I have a massive outbound XML integration that I need to build in salesforce (Multiple XSD schemas with several thousand lines of xsd elements). Waiting for official estimates, but for now it looks like the xml generated could have a payload size of 30-50+mb.

I have been looking for governor limits specific to XML integrations in Salesforce, but the only limit I have found is on the "parsing" of nodes (50 nodes or less), and my understanding is that this would only apply to "GET" methods in SF, not POST methods (unless I wanted to do a parse of my xml before sending it). I have looked into this article Any way to validate XML against XSD file in Apex? but this only get's into the validation problem against the schema. I'm hoping to think through this after I determine governor limit issue.

What I know*:

(*This could be wrong :D )

I know that this article Apex Governor LImits describes the heap size limits. My concern is that with generating a massive xml document is going to violate the Heap limit 6-12mb.

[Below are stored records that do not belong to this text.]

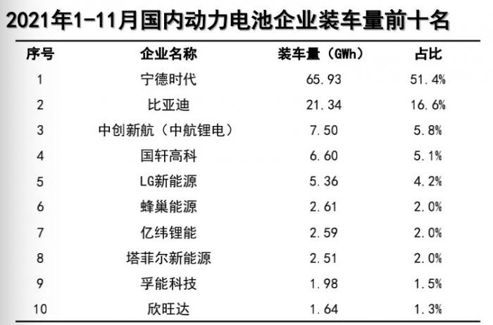 我国动力电池市场集中度水平较高。11月,宁德时代、比亚迪、中航锂电分列国内动力电池装车量前三名,装车量分别为11.45GWh、3.46GWh、1.09GWh,市占率分别为55.0%、16.6%、5.2%。前11月,宁德时代装车量为65.93GWh,市占率为51.4%;比亚迪装车量21.34GWh,市占率为16.6%。
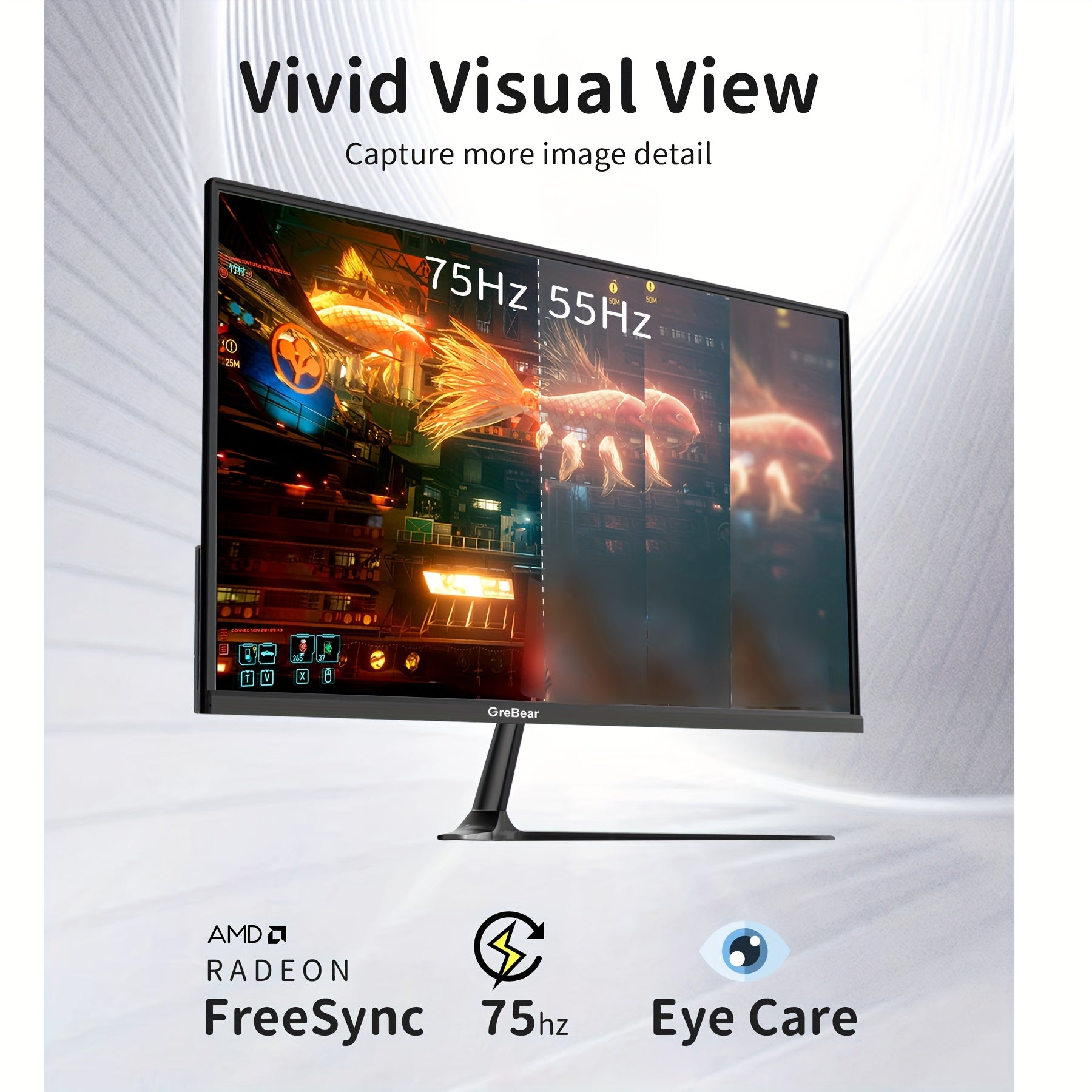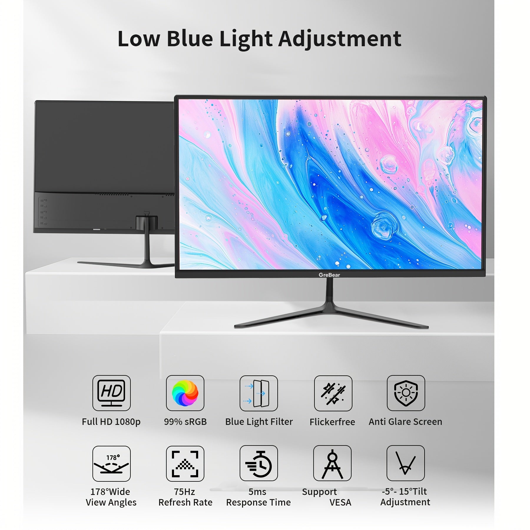 Monitor GreBear 24 Pollici FHD 1080p, Monitor per PC con Schermo a 75 Hz, 99% SRGB 5ms Luce Blu Bassa, Pannello IPS Antiriflesso, Display LCD Desktop con HDtv/VGA/Audio/Freesync, Inclinazione Regolabile
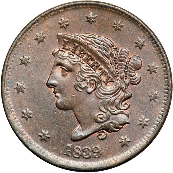 1839 Coronet Head Cent. PCGS graded MS-64 Brown. Lustrous light bluish steel brown with traces of mint red in protected areas. A tiny nick on the cheek, faint traces of an old fingerprint at star 8, and a speck of very light carbon at the dentils under the wreath are the notable defects, and all are trivial. LDS. The fields are covered with fine radial flowlines and the dentils are blurry. An attractive Booby Head cent. Purchased as a 65th birthday gift by wife Joan. Our grade is MS60+. Pop 1; 1 in 65; 2 in 66. Only 5 graded at PCGS for the variety. DWH #2274 (PCGS # 37237) .
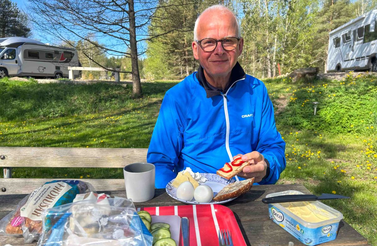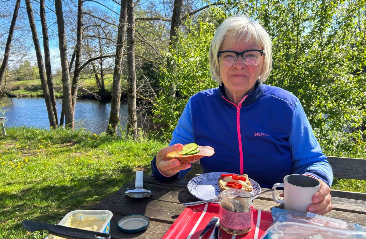 1:a maj vaknade vi till en otrolig fågelsång, värme och en strålande sol. Vi bar med oss frukostbrickan till ett av borden nere vid vattnet och här gjorde vi oss ingen brådska. Det var verkligen njutbart att sitta här i grönskan och nu hoppas vi få många liknande morgnar framöver…
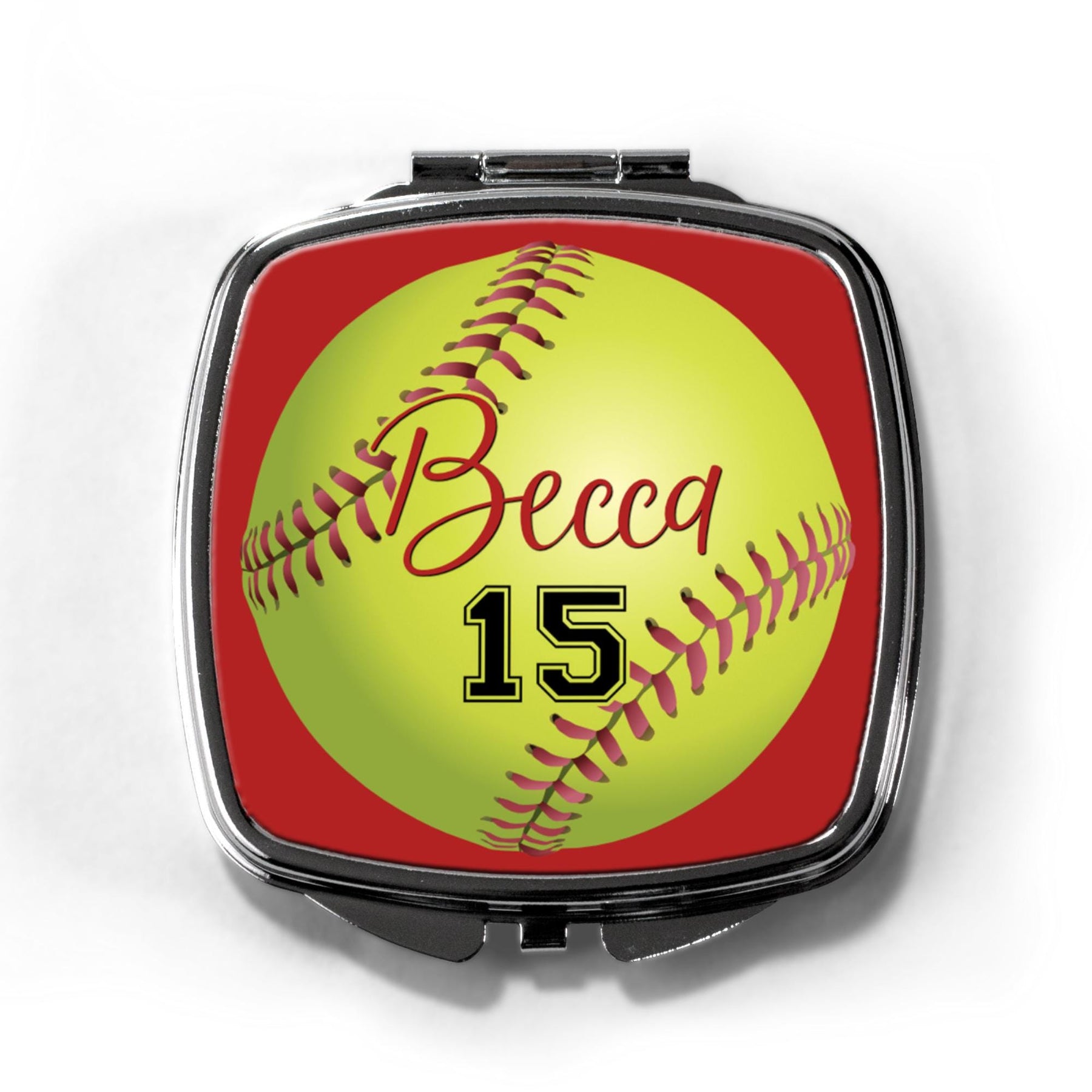 Looking for the perfect Softball gift or Softball Coach gift? This personalized compact mirror is the ideal choice! Featuring a sleek design, it’s perfect for makeup touch-ups on the go. Whether as a Softball award, senior gift, or thoughtful stocking stuffer, this makeup compact is a unique and practical keepsake. Celebrate your favorite softball fan or coach with this handy mirror compact that fits easily in any bag. A memorable gift for any occasion!
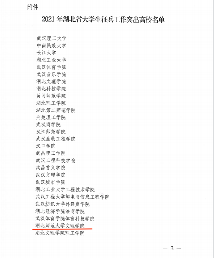 日前,湖北省教育厅和湖北省人民政府征兵办公室联合发文,对2021年全省高校征兵工作突出单位进行通报表彰,乐动(中国)获评全省高校征兵工作突出单位。

I don't believe there is a payload limit on POST calls, but on GET calls it would appear there are limits on how many records you can bring into SF.

TD;DR

I have integration I'm being asked to build for a client that has big xml payload 30-50mb plus and several xsd schemas I need to validate it against.

Looking for:

  • Limits that this could violate (e.g. Heap Size).
  • Integration tools that could help with the job (e.g. MuleSoft).
  • Additional limits surrounding

Always appreciative of this community and their helpfulness.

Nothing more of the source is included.